Fix: SyncBatchNorm — aggregate statistics across all devices before normalisation, increasing the "statistical batch size" to the union of devices (still much larger than any single user).

2. In-batch negative false-positives (retrieval only)

In two-tower retrieval training with in-batch negatives, other candidates in the same batch are used as "negatives." When batches are request-sorted, many in-batch "negatives" are actually positives for the same user — false-negative rate jumps from ~0% (IID) to ~30% (request-sorted). Training the model to push apart items the user actually engaged with actively degrades retrieval quality.

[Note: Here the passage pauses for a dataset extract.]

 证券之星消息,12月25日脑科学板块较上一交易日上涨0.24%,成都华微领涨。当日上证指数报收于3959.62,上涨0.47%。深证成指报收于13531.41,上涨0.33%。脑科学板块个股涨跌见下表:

Fix: User-level masking — extend identity masking to exclude candidates whose associated user equals the anchor user. See concepts/in-batch-negative-false-negative.

Why it's a wiki-worthy concept

IID disruption is the named failure mode that explains why sort-order as a storage optimisation has hidden training-time costs. Before Pinterest canonicalised it, practitioners treated "training on sorted data regressed" as a local puzzle. The diagnostic framing separates:

  • The cause: batch-level statistics + in-batch sampling assume IID rows.
  • The trigger: any dataset reorder that concentrates rows around a high-cardinality entity.
  • The fix surface: cross-device statistics + explicit masking of correlated rows.

It generalises beyond request-sorted data:

  • Time-sorted batches — session / hour / day-sorted rows concentrate on one temporal cohort.
  • Locality-sorted batches — geography-sorted rows concentrate on one region.
  • Hash-partitioned batches — any partition scheme that groups related rows into the same mini-batch.

Relationship to the IID assumption

The classical ML assumption is that training rows are drawn IID from the data distribution. Stochastic gradient descent, BatchNorm, contrastive learning, and random negative sampling all rely on this — the batch is a representative sample of the distribution.

Dataset reorderings that group related rows (for storage / compression / locality wins) break the assumption without changing the row contents. The data is still distribution-representative in aggregate; it's just no longer IID within any given batch window.

The tradeoff

Dataset sorting is adopted for non-training reasons:

  • Columnar compression: 10–50× storage reduction (patterns/sort-by-request-id-for-columnar-compression).
  • Bucket joins: eliminate shuffle on matching keys.
  • Incremental feature engineering: append columns to existing row groups.
  • User-level sampling: stratified sampling by user is cheap once sorted.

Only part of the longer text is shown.